2021-10-14T07:00:37.217Z Integration server is ready
2021-10-14T07:00:37.217Z Metrics are disabled
2021-10-14T07:00:37.217Z Starting integration server commands API server
2021-10-14T07:00:37.217Z Integration API started

It is worth noting that in a single step, starting from a completely generic container platform, the container started within just a few seconds with a fully installed and configured Integration Server, and the BAR file is already deployed and running. Compare this to the time (and indeed the many steps) it would take in a traditional environment to install, configure and start up an Integration Server, and then deploy a BAR file to it. 

You can begin to see just how different this container-based approach is, and what opportunities this offers in terms of new ways of working. We can imagine how much easier it would be, for example, to build a CI/CD pipeline, and how that pipeline could effectively include not just the code, but the full server configuration. It might also lead us to think differently about how we manage high availability and scalability. 

We’ll cover more on this and the broader cloud-native approach in future posts.

Execute and Test the Message Flow

Let’s just check that we really do have a running integration application. As seen in the console output, the HTTP listener is listening on port 7800 and service endpoint is /Echo. You can verify the message flow execution by invoking the service via a web browser or curl command.

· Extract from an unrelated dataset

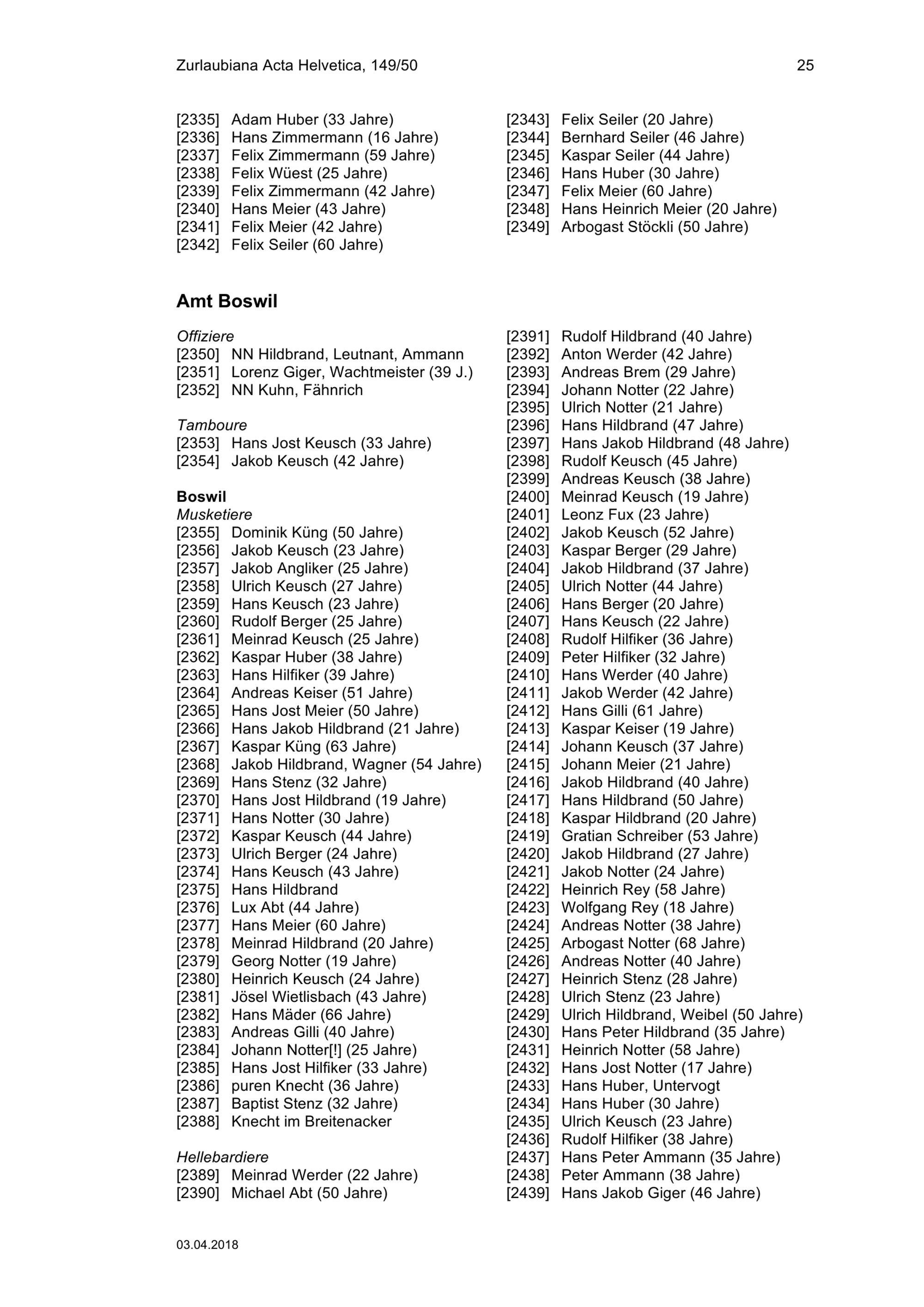 Mannschaftsrodel (= wehrpflichtige Männer) der Freien Ämter

curl http://<hostname>:7800/Echo

Output :

     <Echo>
         <DateStamp>2021-10-14T09:25:46.352934Z</DateStamp>
     </Echo>

Connecting to the WebUI of the Integration Server

In our start-up command, we chose to expose the web user interface via 7600.

http://<hostname>:7600/

However, it’s worth noting that in a true cloud-native deployment we would avoid viewing and administering containers directly like this. A cloud-native approach encourages administrative changes to be made by creating a new container rather than administering the one that is running (“immutable deployment”), and monitoring is generally done by viewing log files or using a visualization tool on them (“observability”).